Case Name: In re D.N. (2022) 14 Cal.5th 202
Case #: S268437/F080624
Last Updated: December 12, 2022

Did the trial court improperly delegate its authority to the probation department and violate the minor’s due process rights by permitting the probation department to offer the minor community service hours “to work off any alleged probation violations”?

Held:

After determining that D.N., a minor, was within the jurisdiction of the juvenile court because of his violation of criminal laws (Welf. & Inst. Code, § 602), the court adjudged D.N. (hereafter minor) to be a ward of the court and ordered him to reside in his parent or guardian’s home under several conditions of probation. The court further ordered: “Probation is authorized to offer the minor up to 50 hours of community service, or up to a cumulative total of 10 days on the community service work program as an option to work off alleged probation violations.”
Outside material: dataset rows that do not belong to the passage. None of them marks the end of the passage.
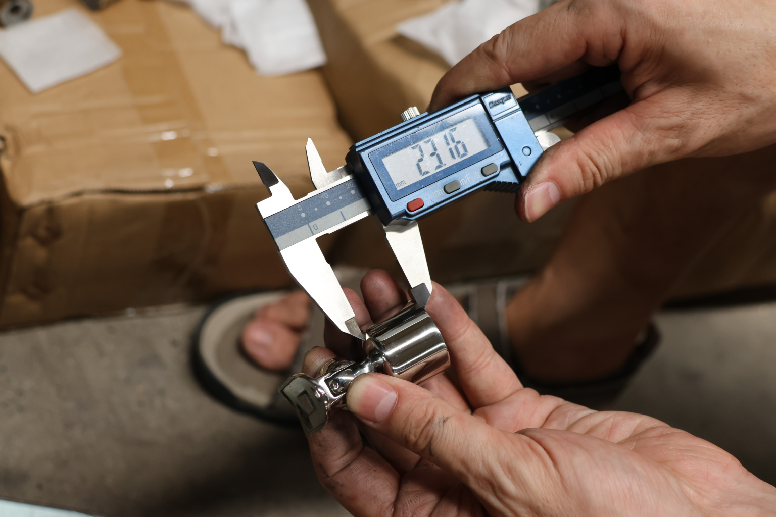 Наконечник наружный на стойку Ø25.4 мм, с регулируемым ложементом под трубу Ø38.1 мм, литой, полированный, нержавеющий AISI 304, k326
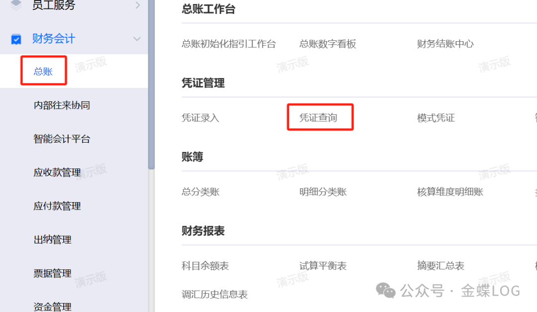 ③智能会计平台查看凭证路径:财务会计-智能会计平台-总账凭证查询 这里查询出来的凭证就是所有模块的数据,跟下面第④个总账路径查出来的数据是一样,只是这里多了一个【业务凭证的查询】。
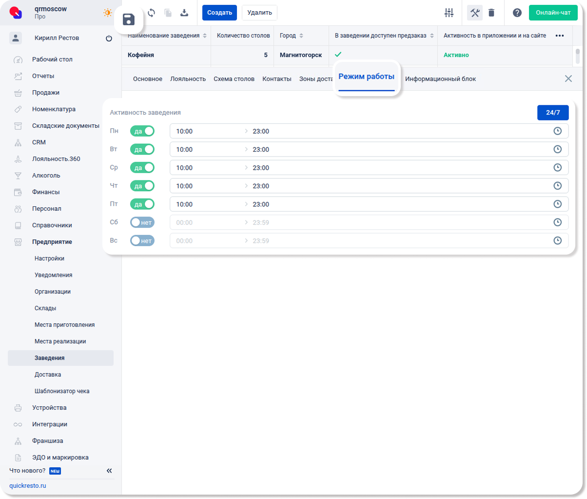 Настроив режим работы заведения, нажмите Сохранить на верхней панели инструментов.
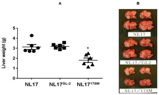 The liver weights 14 days after CLP using NL-17 cells with 178M and control virus in the murine liver metastasis model. A: Liver metastasis of NL17 cells infected with control virus (NL17GL-2) showed similar levels to that of noninfected NL17 cells at 14 day after CLP. In contrast, significant decrease in liver metastasis was observed in NL17 cells infected with 178M virus at moi 100 (NL17178M) (n = 6). * p < 0.05 vs. noninfected NL17 cells and NL17 cells infected with control virus (NL17GL-2). B: Representative images of macroscopic liver metastases on day 14 are depicted.
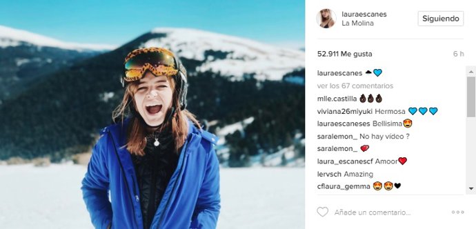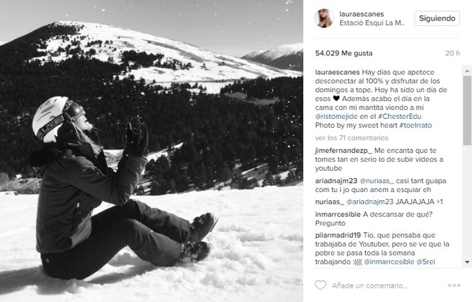 El lugar elegido ha sido la estación de esquí de la Molina en el Pirineo Oriental, en el municipio de Alp, comarca de la Cerdaña, provincia de Gerona. Tal y como prometía Escanes, en su cuenta de Instagram, antes de embarcarse en su maravilloso fon de semana en la nieve, la modelo colgó una instantánea en Instagram advirtiendo que se había propuesto como objetivo tomarse más fotos y compartirlas, porque al parecer son pocas las que ya tienen.
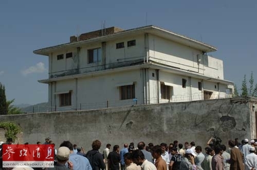 人们在被击毙的恐怖大亨本·拉丹住所外观看。(资料图片)
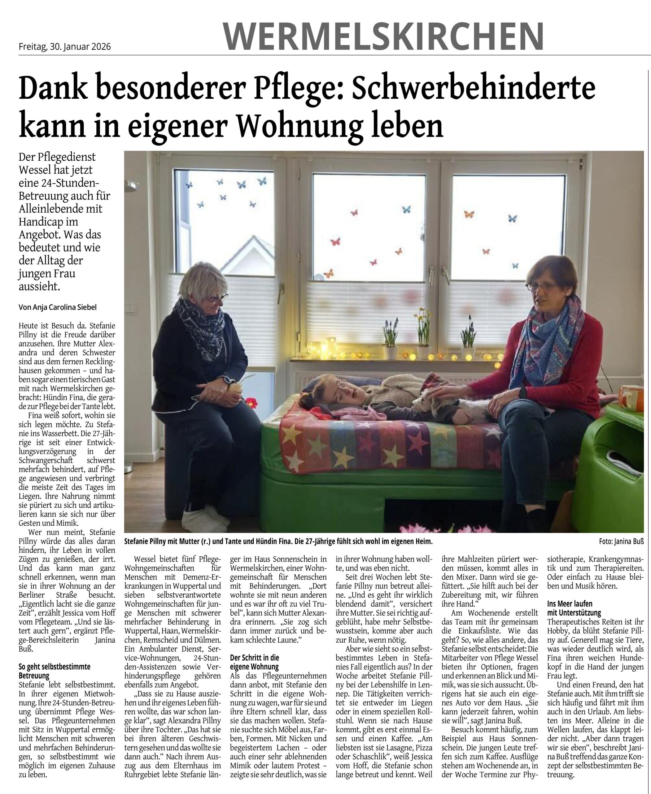 Dank besonderer Pflege: Schwerbehinderte kann in eigener Wohnung leben
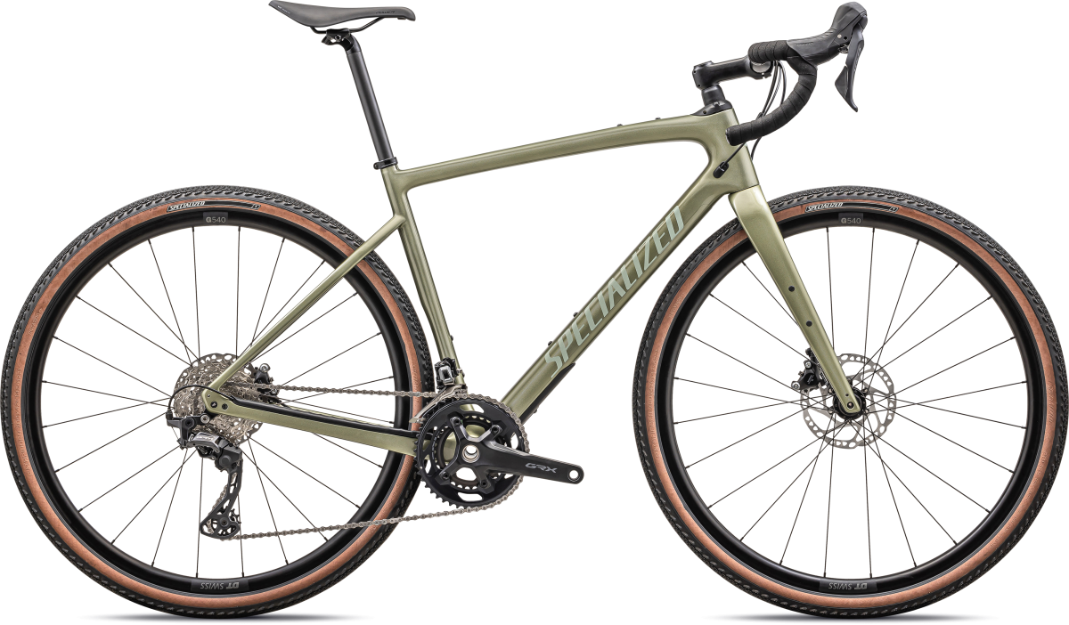 「Diverge Sport Carbon」には、「サテンドッピオ/ガンメタル」「サテンメタリックスプルース/スプルース」の2色が追加。Future Shock 1.5、FACT 8rカーボンフレーム、そして高い走破性を誇るPathfinder Pro 42mmタイヤを備え、あらゆるグラベルライドに対応する。
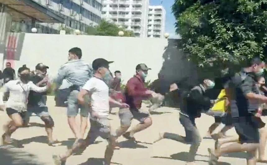 Hình ảnh nhóm người đang tìm cách chạy thoát khỏi casino. (Ảnh: cắt từ clip).
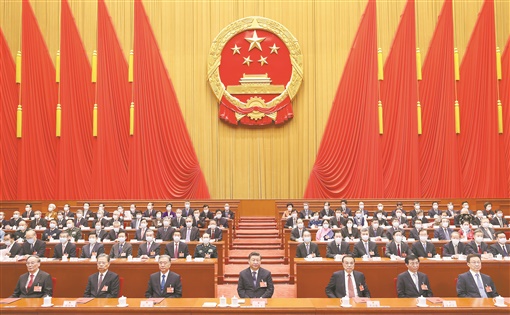习近平、李克强、汪洋、王沪宁、赵乐际、韩正、王岐山和大会主席团成员在主席台就座。
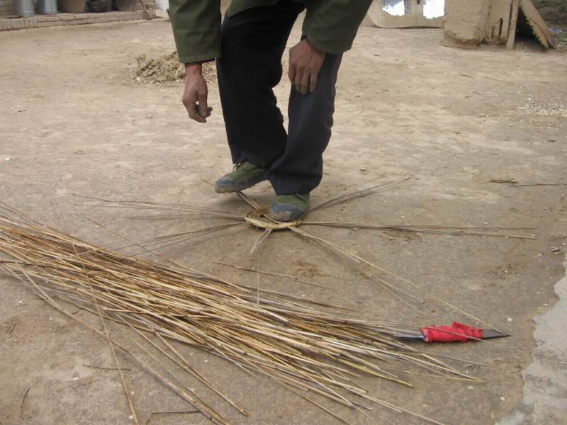 这时,就开始用潮湿柔软的竹糜先编一个小底。

On appeal, minor attacks this provision of the court’s dispositional order as a constitutionally improper delegation of judicial authority to the probation department and as a deprivation of due process. Both challenges rest on the premise that the court’s order allowed the probation department itself to determine that the minor had violated his probation and to impose community service as a sanction for the violation. We reject that premise and the constitutional challenges based on it. The juvenile court did not authorize the probation officer to adjudicate violations or impose sanctions for them, but only to “offer” minor the “option” of performing community service when a violation is “alleged.” In effect, the juvenile court gave its advance approval to an agreement that might be reached between minor and the probation officer for the performance of a certain amount of community service in lieu of having an alleged probation violation adjudicated in a judicial proceeding. The court’s order did not thereby improperly delegate any part of the judicial function to the probation officer, nor did it deprive minor of any judicial process constitutionally due him. Under the challenged provision, minor remained free to reject any offer the probation department made and to invoke the ordinary statutory procedures for adjudication of an alleged probation violation.

This case was decided on 12/12/2022.